The STARZ cable network is bringing us new original programming tonight with the first installment of their controversial series, "Spartacus: Blood and Sand" and I would like share with you the USA TODAY review by Robert Bianco.
They got the Blood part right. They just left out the rest of the body parts Starz throws at you.
A heady mix of 300-style graphic violence and "Debbie Does Rome" soft-core porn, "Spartacus: Blood and Sand" is proof of TV's ever-expanding boundaries and ever-plummeting tastes. You've never seen anything quite like it on TV and, with luck, will never again anytime soon — not because it's terrible but because once is surely enough.
If you've seen 300, you'll immediately recognize the highly stylized look of this adventure hour in which everything, other than the people and the sets, is created on a green screen. That allows both for the weirdly colored landscapes and — most often — for the fountains of bizarrely behaving blood. It can't just spurt; it has to shoot out, freeze in midair and then splatter, drenching everything in its path.
You have to marvel not just at its flow but also at the Romans' incredible ability to produce it. Spartacus alone has a sword that can cut off two legs with a single swipe. That's a technology lost to time.
Sex, however, is ever with us, and ever with Spartacus. Man on woman, woman on woman, man on man, full frontal nudity of both varieties (though, in typical fashion, more female than male); Spartacus offers up the full array, early and often. It even features ancient-world fluffers, which is probably a first.
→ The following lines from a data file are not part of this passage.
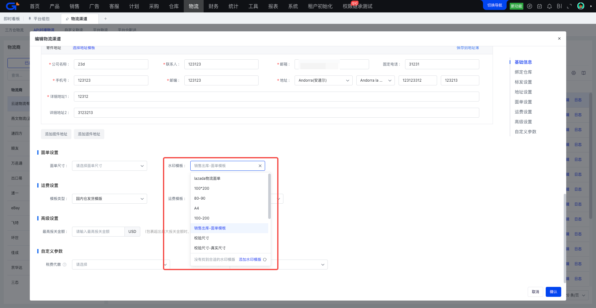 已维护模板:获取水印面单后推送三方仓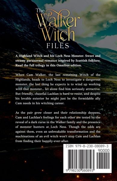 A Highland Witch and his Loch Ness Monster. Sweet and steamy MM paranormal romance inspired by Scottish folklore. Read the full trilogy in this Omnibus edition. When Cam Walker, the last remaining Witch of the Highlands, heads to Loch Ness to investigate a dangerous monster, the last thing he expects is to wind up working with that monster... let alone find him seriously attractive. But friendly, cheerful Lachlan is hard to resist, and despite his lovable exterior he might just be the formidable ally Cam needs in his witching career. As the pair grow closer and their relationship deepens, Cam and Lachlan's feelings for each other are tested by the reveal of a dark curse in the Walker family and the presence of monster hunters at Loch Ness. Though the odds are against them, even an unbreakable transformation and the machinations of an evil witch won't stop Cam and Lachlan from finding their happily-ever-after. This Omnibus edition contains Books 1-3 of The Walker Witch Files: Finding Nessie, Hiding Nessie, and Saving Nessie.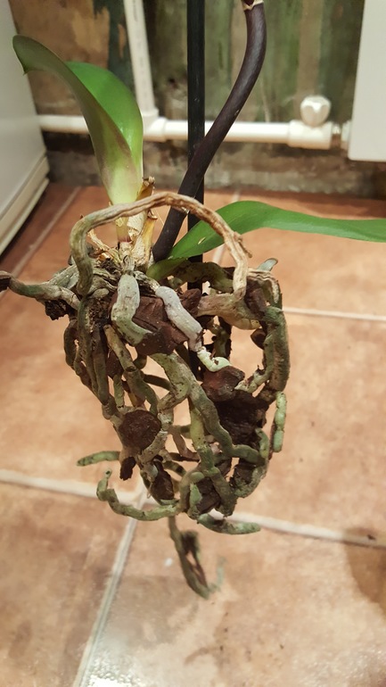 Ну а прежде всего нужно достать из горшка, осмотреть внимательно и, если есть гниль - вырезать и присыпать корицей.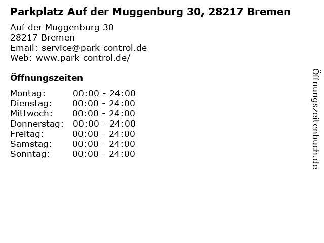 Öffnungszeiten Parkplatz Auf der Muggenburg 30, 28217 Bremen in Bremen anzeigen | |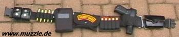 Hier ein Beispiel für die Bestückung eines Munition-/Schießgürtels mit praktischen Komponenten für das CO2-Actionshooting:

There is a story buried underneath the breasts, blood and obscenities, but it doesn't much matter. Still, for those unfamiliar with the basic outlines from history class or the classic Hollywood epic, Spartacus (Andy Whitfield) is a warrior betrayed, enslaved and separated from his wife by the Romans in the end days of the Republic.
Sold to a gladiator camp run by Batiatus (John Hannah) and his wife, Lucretia (Lucy Lawless), Spartacus must learn to persevere so that he can someday, a few seasons from now, organize the slave revolt that shakes Rome to its core.
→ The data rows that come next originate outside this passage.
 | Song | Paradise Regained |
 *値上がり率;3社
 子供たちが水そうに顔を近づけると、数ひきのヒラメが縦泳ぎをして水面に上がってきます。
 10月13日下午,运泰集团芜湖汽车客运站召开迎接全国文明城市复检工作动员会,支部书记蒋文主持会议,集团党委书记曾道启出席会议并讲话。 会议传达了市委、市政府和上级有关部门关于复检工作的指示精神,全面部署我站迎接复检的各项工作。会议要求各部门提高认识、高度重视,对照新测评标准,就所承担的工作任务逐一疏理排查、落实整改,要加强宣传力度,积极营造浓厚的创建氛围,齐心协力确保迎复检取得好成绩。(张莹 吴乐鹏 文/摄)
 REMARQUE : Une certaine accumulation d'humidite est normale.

Though it's loosely based on real events, you would not want your children to get their history lessons (or any other lessons) here. You could point out that the Romans were no more violent than other ancient peoples and were less licentious than some (we don't get the term "Roman virtues" for nothing), but you would be wasting your time. Spartacus is a brutal, ugly graphic novel come to life, not life itself.
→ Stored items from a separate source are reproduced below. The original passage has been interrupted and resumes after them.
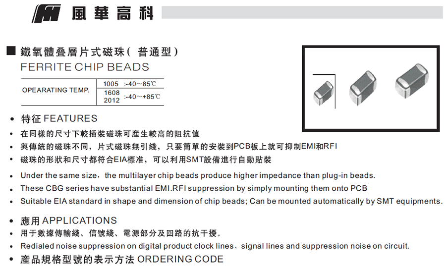 產品介紹:風華CBG鐵氧體片式普通型磁珠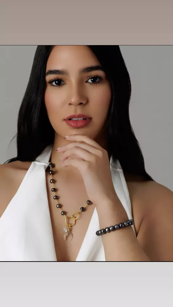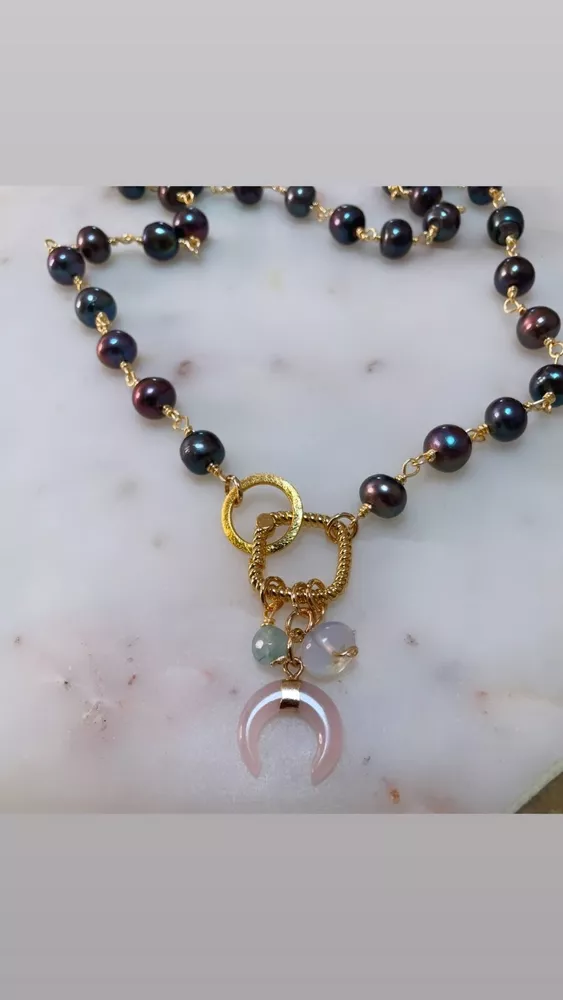 Handmade Black pearl necklace with rose quartz charm, handmade piece, unique piece.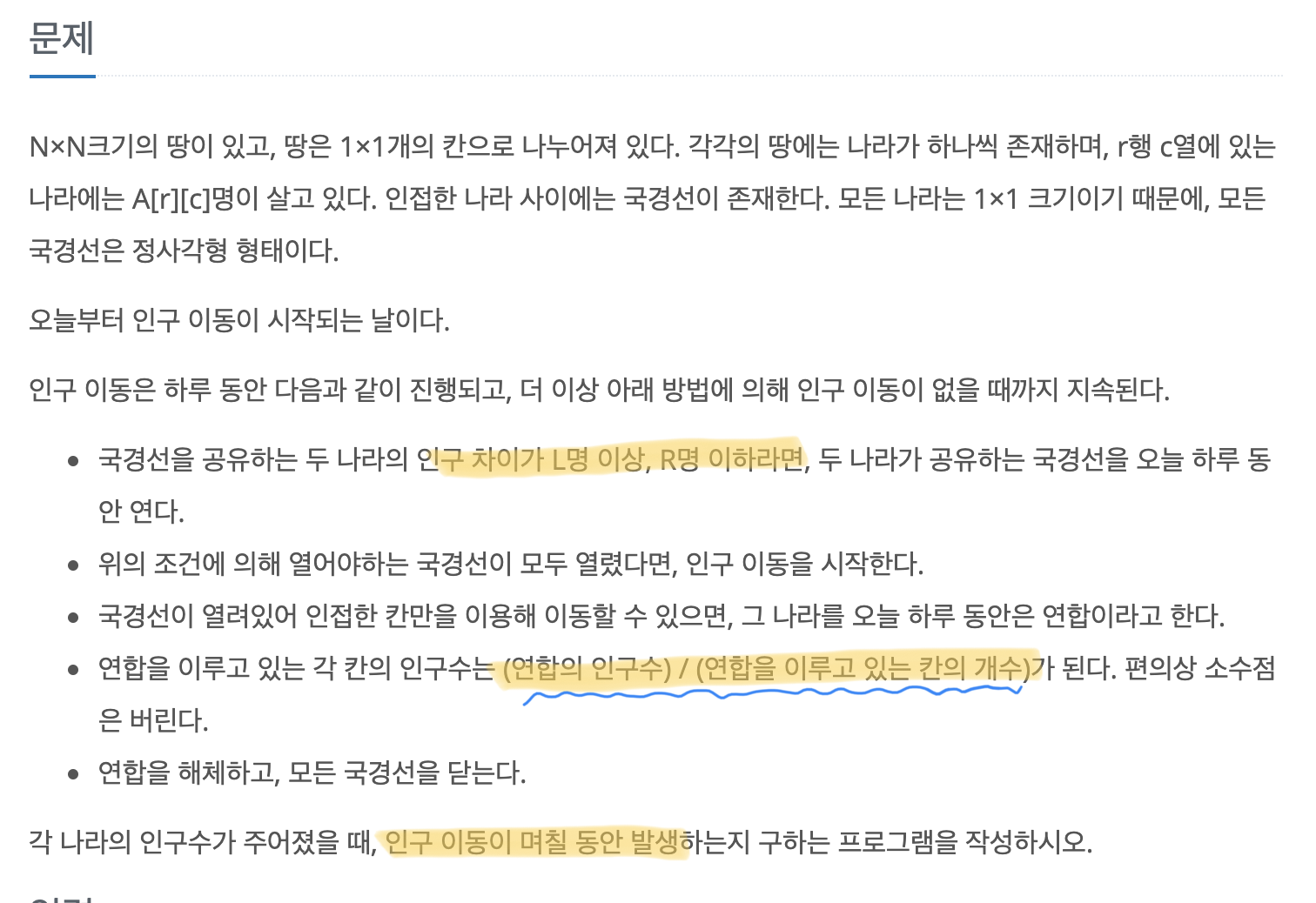 - 인접 국가를 탐색하면서 인구 차이 l명 이상, r명 이하인 경우 연합 진행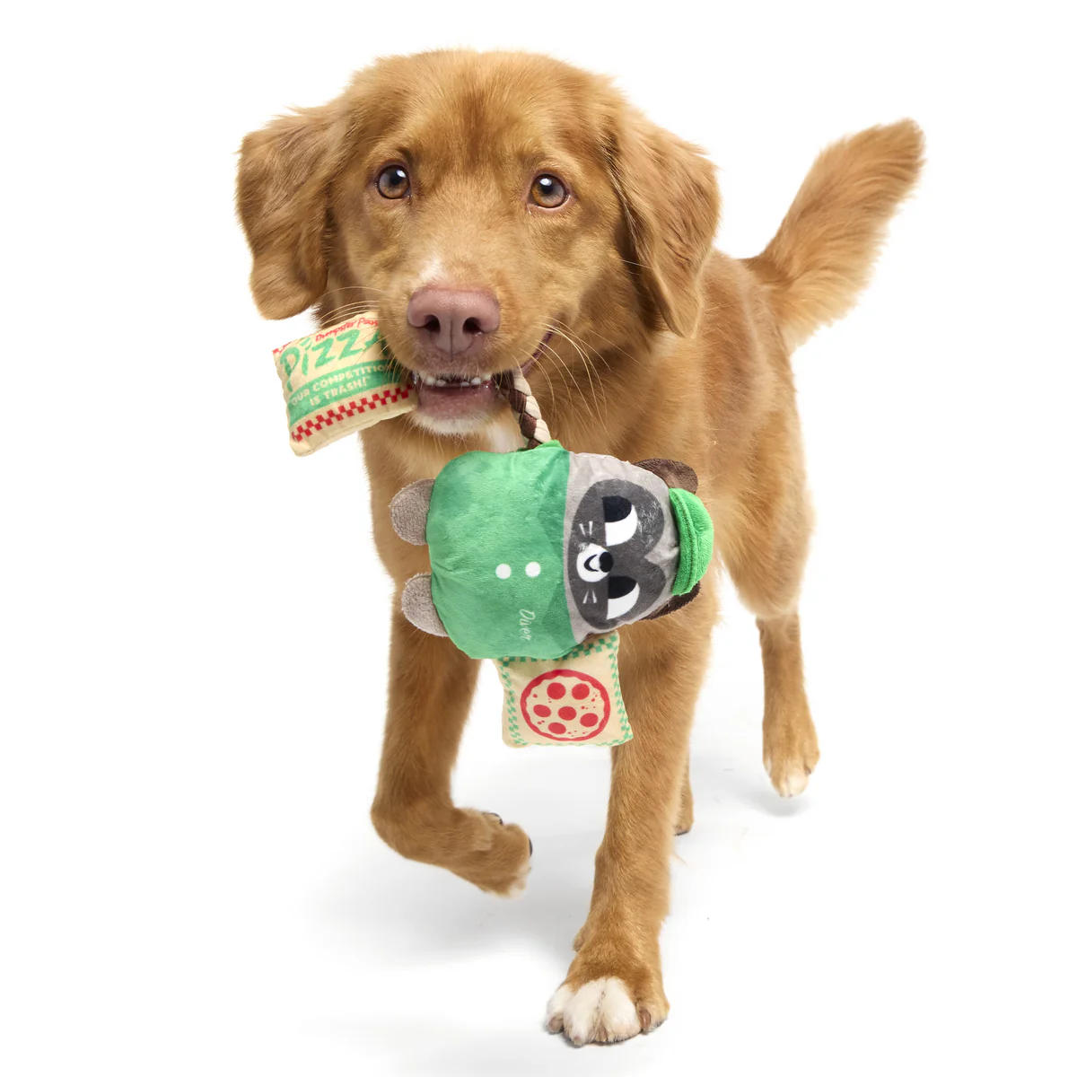 This raccoon pizza-guy dog toy delivers all the fun! Late Bite Delivery Guy's T-shirt rope is perfect for interactive play, and his built-in squeaker and crazy crinkle material will keep your dog entertained for hours. Late Bite Delivery Guy doesn't accept tips, but he does accept tugs! And trash.

Still, there's no denying that Spartacus does what it sets out to do fairly well — and in a way that doesn't duplicate anything else now on TV. Were it broadcast free over the air where children might find it, one might blanch, but that's not the case. You have to pay to watch Starz, which means it's up to you to decide who watches it. Enter at your own risk. And watch out for those swords.
"Spartacus: Blood and Sand" will be televised tonight at 10:00 pm (ET) on STARZ.